═══ DATA PROVIDED
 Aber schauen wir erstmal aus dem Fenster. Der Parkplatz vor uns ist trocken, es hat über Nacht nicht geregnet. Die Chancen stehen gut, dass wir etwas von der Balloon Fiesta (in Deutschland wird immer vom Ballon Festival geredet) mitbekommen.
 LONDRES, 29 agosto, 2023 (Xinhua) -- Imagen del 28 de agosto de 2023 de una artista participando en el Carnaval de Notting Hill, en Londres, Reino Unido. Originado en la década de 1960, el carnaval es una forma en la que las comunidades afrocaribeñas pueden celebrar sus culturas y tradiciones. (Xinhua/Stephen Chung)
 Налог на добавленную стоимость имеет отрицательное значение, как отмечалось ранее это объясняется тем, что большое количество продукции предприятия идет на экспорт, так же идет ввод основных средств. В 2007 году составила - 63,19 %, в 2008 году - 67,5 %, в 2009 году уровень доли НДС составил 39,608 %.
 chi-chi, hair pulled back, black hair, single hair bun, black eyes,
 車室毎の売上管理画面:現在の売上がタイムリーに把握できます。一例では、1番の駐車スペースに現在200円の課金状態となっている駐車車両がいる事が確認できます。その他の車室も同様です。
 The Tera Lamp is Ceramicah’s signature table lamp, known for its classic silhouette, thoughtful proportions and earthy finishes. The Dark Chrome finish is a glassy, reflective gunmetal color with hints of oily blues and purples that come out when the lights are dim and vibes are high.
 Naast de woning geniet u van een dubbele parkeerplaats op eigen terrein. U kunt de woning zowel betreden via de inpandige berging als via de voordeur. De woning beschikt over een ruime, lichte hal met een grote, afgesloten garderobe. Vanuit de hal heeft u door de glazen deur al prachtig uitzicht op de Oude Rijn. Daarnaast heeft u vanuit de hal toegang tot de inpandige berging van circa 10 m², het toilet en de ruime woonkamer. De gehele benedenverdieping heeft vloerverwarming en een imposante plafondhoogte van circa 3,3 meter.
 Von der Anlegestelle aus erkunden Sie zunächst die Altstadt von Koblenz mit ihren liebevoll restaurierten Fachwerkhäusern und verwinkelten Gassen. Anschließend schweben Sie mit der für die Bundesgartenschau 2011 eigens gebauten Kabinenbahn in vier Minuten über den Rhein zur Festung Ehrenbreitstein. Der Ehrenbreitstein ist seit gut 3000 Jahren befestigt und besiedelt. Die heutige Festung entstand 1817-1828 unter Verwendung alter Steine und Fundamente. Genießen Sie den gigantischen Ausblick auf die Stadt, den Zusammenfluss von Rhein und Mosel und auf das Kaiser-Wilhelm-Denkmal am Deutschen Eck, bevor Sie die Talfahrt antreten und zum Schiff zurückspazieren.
══════
From the listing above, the lines starting with the one that has "chi-chi, hair pulled" and running through the one that has "The Tera Lamp" should be copied exactly, ends included.

 chi-chi, hair pulled back, black hair, single hair bun, black eyes,
 車室毎の売上管理画面:現在の売上がタイムリーに把握できます。一例では、1番の駐車スペースに現在200円の課金状態となっている駐車車両がいる事が確認できます。その他の車室も同様です。
 The Tera Lamp is Ceramicah’s signature table lamp, known for its classic silhouette, thoughtful proportions and earthy finishes. The Dark Chrome finish is a glassy, reflective gunmetal color with hints of oily blues and purples that come out when the lights are dim and vibes are high.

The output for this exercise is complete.